Table 3 shows the evaluation accuracies for the proposed CNN approach to the House, WOU, XAPI, UCI-Math, UCI-Por, Fused UCI, AV-Math, AV-Reading, and AV-Writing datasets. The bold font for the accuracies in this table highlights the highest accuracy attained for each dataset.
The bar chart in
Figure 4 shows the comparisons of the MSE for all the datasets under 80% training and 20% testing divisions. The red color of the bars denotes the lowest MSE accomplished for each dataset. The lowest MSE was achieved by the UCI-Fused dataset with 0.35%.
5.3. Comparative Evaluation
In this section, comparative evaluations are employed based on two tables (
Table 4 and
Table 5) in order to compare the proposed work with related work which used the same datasets and different datasets, respectively.
In
Table 4, “Proposed 1” refers to the original number of samples for all datasets. “Proposed 2” refers to the augmented number of samples in all datasets.
Table 5 shows the comparison between the proposed techniques with other state-of-the-art works ([
5,
6,
7,
9,
10,
11,
13,
16,
17]) where different datasets were used. It is clear from the results of the performance accuracy that the proposed work outperforms other state-of-the-art work. The best accuracy in the proposed method was obtained by the CNN, which attained a performance accuracy of 99.67% by using a UCI-Fused dataset. It was noted that all the evaluations in terms the seven augmented datasets are new and nobody else has evaluated these modified datasets. In addition, the evaluation of a new 2023 AV dataset is novel to this research.

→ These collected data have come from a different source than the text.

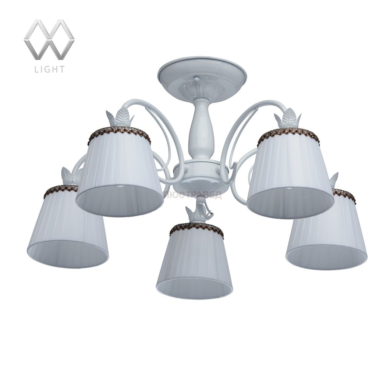 Крашеное металлическое основание белого цвета, текстильные абажуры с тесьмой, декоративные элементы из металла
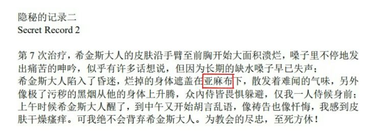 记录二中提到了教宗衣物的材质――亚麻布
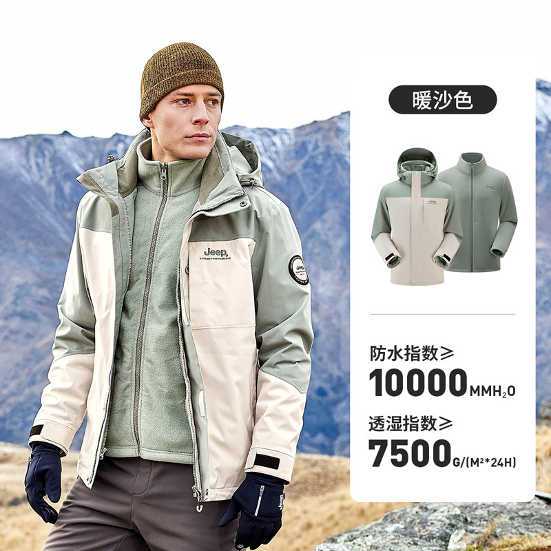 지프 지프 가을과 겨울 새로운 남자 3 대 1 충전 야외 방풍 방수 재킷 하이킹 등반가 세트

Then, we compare the proposed work with other state-of-the-art work which employed different datasets, as shown in
Table 5. The results for both tables show that the performance accuracy achieved by the proposed work outperforms other performance accuracies obtained by other works.
6. Conclusions
Several machine learning algorithms were used in this research to estimate student performance. Thorough evaluations in terms of five main datasets, namely, House, WOU, XAPI, UCI, and AV datasets, were undertaken. The UCI dataset is subdivided into three subset datasets: UCI-Math, UCI-Por, and UCI fused. Furthermore, the AV dataset has three targets (Math, Reading, and Writing). Two main simulations were proposed. The first one is in terms of TMLCs (MLP, SVM, DT, LDA, GNB, RF, and QDA) as well as the fusion of TMLCs. The TMLCs approaches with their fusion were applied to the House dataset only. The main conclusion of this simulation is as follows: Firstly, higher accuracy was achieved by the MLP approach, which is similar to the fusion of TMLCs; secondly, the best samples division was 80% for training and 20% for testing, which was applied to all the later evaluations.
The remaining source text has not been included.